The term "genome" is oft-heard but seldom defined, and indeed has more than one meaning. Little wonder, then, that discussions about genome sequences and comparisons thereof can leave otherwise interested audiences more frustrated than enlightened. "What is a genome?" and "whose genome was sequenced?" are legitimate questions, and what follows is an attempt at clarification that is, by necessity, as much philosophical as scientific.

Definition #1: In a broad sense, a genome can be considered as the collective set of genes, non-coding DNA sequences, and all their variants that are located within the chromosomes of members of a given species. This definition does not consider variation among individuals within a species, and instead relates to distinctions between species. It is possible to apply such a definition because, for the most part, animal species do not share DNA extensively and hence  their respective gene pools remain distinct (in fact, this forms the basis for defining species under some views). Thus, even though humans and chimpanzees are about 98% identical in terms of their DNA sequences, there is still such as thing as a "human genome" and a "chimpanzee genome" rather than a continuum with humans and chimps at two mildly divergent extremes. This is even true of far closer (but now extinct) relatives of humans such as Neanderthals; on average, the sections of Neanderthal DNA that have been recovered and sequenced are 99.5% identical to that of humans -- but these, too, are considered to be part of a separate genome.

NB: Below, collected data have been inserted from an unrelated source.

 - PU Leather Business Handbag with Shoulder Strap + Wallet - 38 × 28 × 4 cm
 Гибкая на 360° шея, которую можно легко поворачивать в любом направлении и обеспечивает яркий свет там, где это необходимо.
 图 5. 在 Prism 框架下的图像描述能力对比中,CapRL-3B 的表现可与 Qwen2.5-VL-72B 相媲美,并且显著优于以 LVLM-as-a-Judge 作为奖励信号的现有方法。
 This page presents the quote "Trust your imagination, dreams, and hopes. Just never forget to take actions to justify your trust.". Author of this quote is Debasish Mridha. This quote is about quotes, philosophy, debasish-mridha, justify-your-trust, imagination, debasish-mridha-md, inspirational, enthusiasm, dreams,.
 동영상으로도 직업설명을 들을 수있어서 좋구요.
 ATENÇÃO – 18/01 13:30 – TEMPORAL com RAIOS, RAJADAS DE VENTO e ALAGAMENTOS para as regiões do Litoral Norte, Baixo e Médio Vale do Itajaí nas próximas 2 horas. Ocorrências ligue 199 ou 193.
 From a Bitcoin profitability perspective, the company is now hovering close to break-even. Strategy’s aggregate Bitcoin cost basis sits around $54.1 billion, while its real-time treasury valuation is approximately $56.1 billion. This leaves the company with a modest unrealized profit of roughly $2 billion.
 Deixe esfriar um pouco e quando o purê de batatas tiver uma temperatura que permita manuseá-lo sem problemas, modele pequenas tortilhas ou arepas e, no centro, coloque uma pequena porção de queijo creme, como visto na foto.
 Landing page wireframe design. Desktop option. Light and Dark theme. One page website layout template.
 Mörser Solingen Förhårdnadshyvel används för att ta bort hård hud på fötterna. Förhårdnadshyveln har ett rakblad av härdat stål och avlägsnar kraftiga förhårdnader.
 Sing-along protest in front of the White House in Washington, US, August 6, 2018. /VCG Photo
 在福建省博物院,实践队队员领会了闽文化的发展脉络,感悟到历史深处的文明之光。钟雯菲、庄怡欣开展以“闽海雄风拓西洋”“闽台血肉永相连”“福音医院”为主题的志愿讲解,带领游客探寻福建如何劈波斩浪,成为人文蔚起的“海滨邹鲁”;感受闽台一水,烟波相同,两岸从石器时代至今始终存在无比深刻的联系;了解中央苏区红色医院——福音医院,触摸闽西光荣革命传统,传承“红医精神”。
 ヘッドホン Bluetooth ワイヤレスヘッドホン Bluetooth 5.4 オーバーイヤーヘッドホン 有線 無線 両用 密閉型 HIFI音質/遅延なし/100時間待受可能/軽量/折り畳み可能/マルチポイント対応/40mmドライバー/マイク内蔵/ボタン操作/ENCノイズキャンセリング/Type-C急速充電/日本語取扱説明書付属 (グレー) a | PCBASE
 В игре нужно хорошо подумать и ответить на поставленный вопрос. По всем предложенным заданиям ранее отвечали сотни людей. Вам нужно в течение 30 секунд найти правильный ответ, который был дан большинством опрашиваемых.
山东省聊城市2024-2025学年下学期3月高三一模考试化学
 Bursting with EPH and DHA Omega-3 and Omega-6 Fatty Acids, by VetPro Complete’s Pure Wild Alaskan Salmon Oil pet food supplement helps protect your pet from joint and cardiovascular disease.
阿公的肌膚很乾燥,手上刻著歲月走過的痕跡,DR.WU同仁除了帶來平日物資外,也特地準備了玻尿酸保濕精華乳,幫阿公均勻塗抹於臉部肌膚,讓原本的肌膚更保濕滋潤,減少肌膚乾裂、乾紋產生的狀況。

The genomic similarities described between species are usually based on comparing a few specific regions of DNA from a small number of representative individuals. If other factors are included in the comparison, such as insertions and deletions of DNA, then any two genomes will register a lower level of similarity -- say, 95% for chimpanzees and humans rather than 98%. And indeed, no one would ever mistake a chimpanzee genome for a human genome, in part because they differ in DNA amount and chromosome number (human chromosome 2 is a product of fusion of what remain as two separate chromosomes in other great apes).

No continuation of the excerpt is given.